* SOURCE DATA
:::
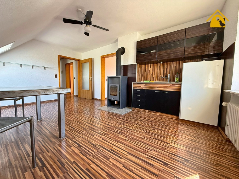 - Offener Wohnbereich mit Küche, Essplatz & Kamin
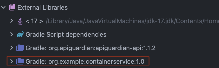 그리고 라이브러리를 사용하기 위해 다른 프로젝트를 생성하여 build.gradle에서 maven 로컬 저장소를 사용하도록 지정한다(mavenLocal()). 그리고 다시 라이브러리를 프로젝트에 사용할 수 있도록 돌리면 라이브러리가 들어간 것을 확인할 수 있다.
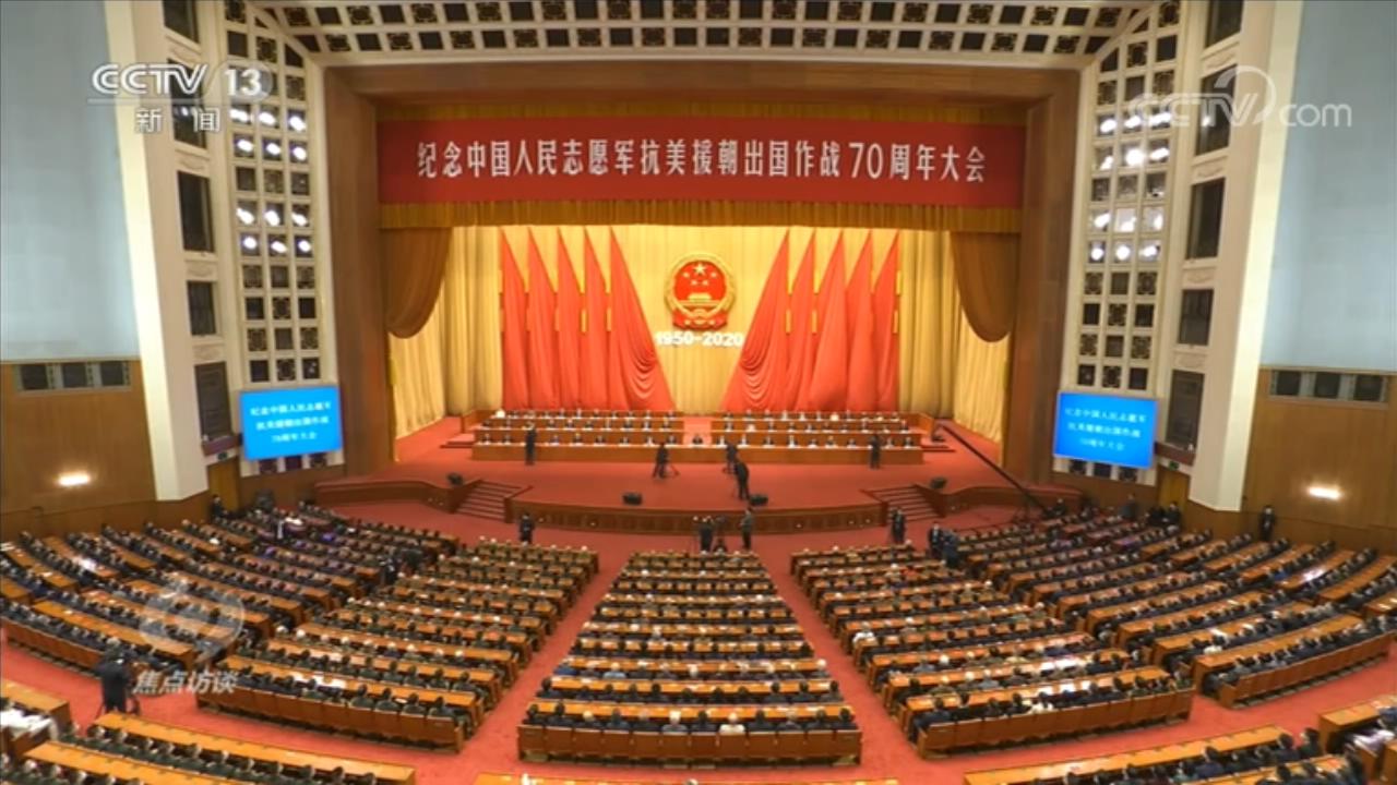 央視網消息(焦點訪談):70年前,面對武裝到牙齒的強敵,由中華民族優(yōu)秀兒女組成的中國人民志愿軍,雄赳赳、氣昂昂,跨過鴨綠江,開始了兩年零9個月艱苦卓絕的浴血奮戰(zhàn)。70年來,我們始終沒有忘記老一輩革命家為維護國際正義、捍衛(wèi)世界和平、保衛(wèi)新生共和國所建立的不朽功勛,始終沒有忘記譜寫了氣壯山河英雄贊歌的中國人民志愿軍將士以及所有為這場戰(zhàn)爭勝利作出貢獻的人們,始終沒有忘記在戰(zhàn)爭中英勇犧牲的烈士們。23日上午,紀念中國人民志愿軍抗美援朝出國作戰(zhàn)70周年大會在人民大會堂隆重舉行,中共中央總書記、國家主席、中央軍委主席習近平在會上發(fā)表重要講話。
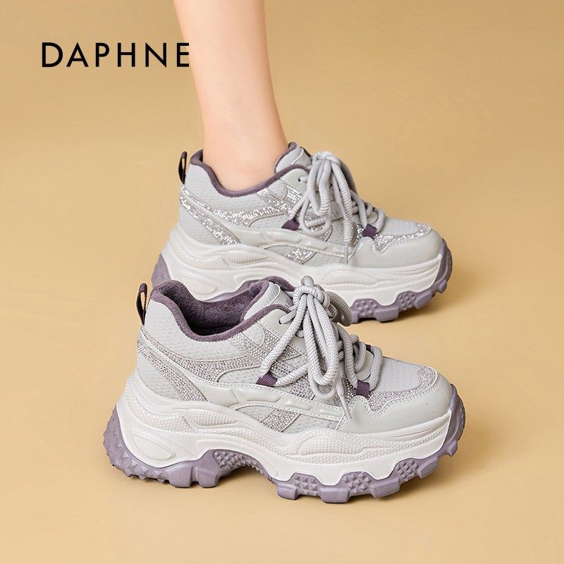 达芙妮2025秋冬新款厚底增高加绒老爹鞋时尚休闲百搭轻便潮流女鞋
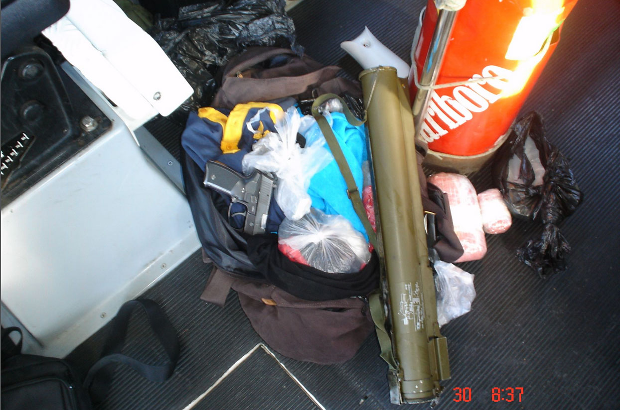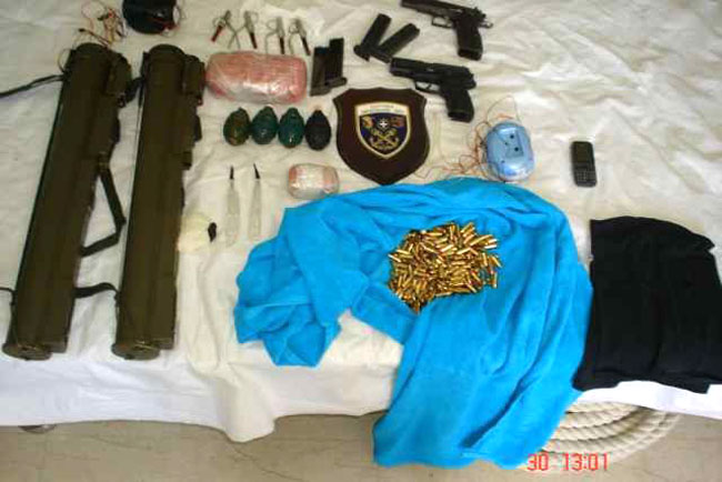 (Aντιαρματικοί όλμοι, τέσσερις χειροβομβίδες, δύο πιστόλια, σφαίρες και εκρηκτικά)
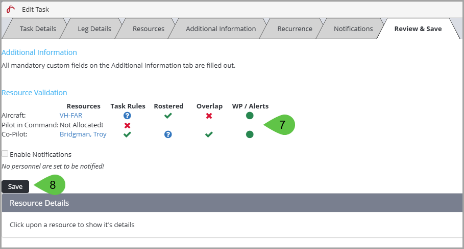 Note: Hovering over the icons in the Resource validation field, provides you with the any conflicts with resource availability.
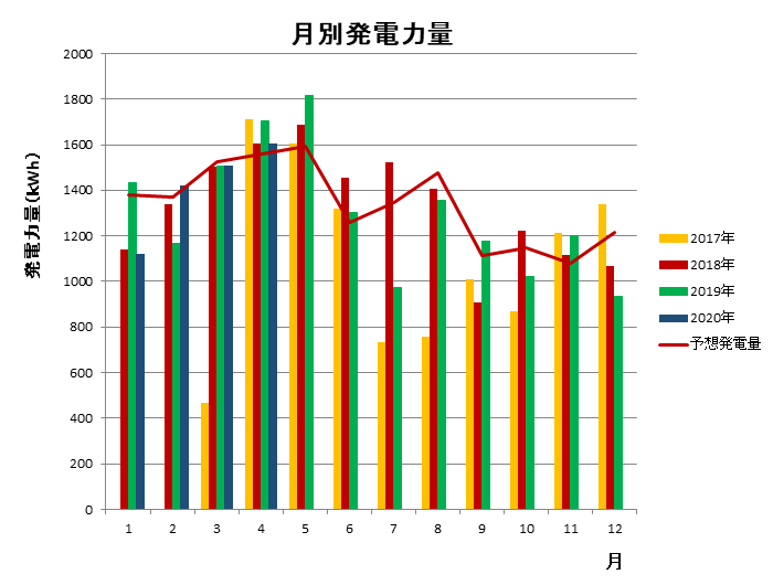 2017年7月~9月までの発電量が予想より大幅に少ないのは、上記したようにデータが送信できなかった日が比較的多かったためです。特に7月は送信できなかった日が9日と多かったため、発電量が最も低くなっています。その後は、ほぼ予想通りの発電量が得られています。
:::
* DIRECTIONS FOR THIS TASK
In the copy, include exactly the lines from the one with "(Aντιαρματικοί όλμοι, τέσσερις" through the final line of the entries above, both ends counted, and no pictures.

* TASK ANSWER
 (Aντιαρματικοί όλμοι, τέσσερις χειροβομβίδες, δύο πιστόλια, σφαίρες και εκρηκτικά)
 Note: Hovering over the icons in the Resource validation field, provides you with the any conflicts with resource availability.
 2017年7月~9月までの発電量が予想より大幅に少ないのは、上記したようにデータが送信できなかった日が比較的多かったためです。特に7月は送信できなかった日が9日と多かったため、発電量が最も低くなっています。その後は、ほぼ予想通りの発電量が得られています。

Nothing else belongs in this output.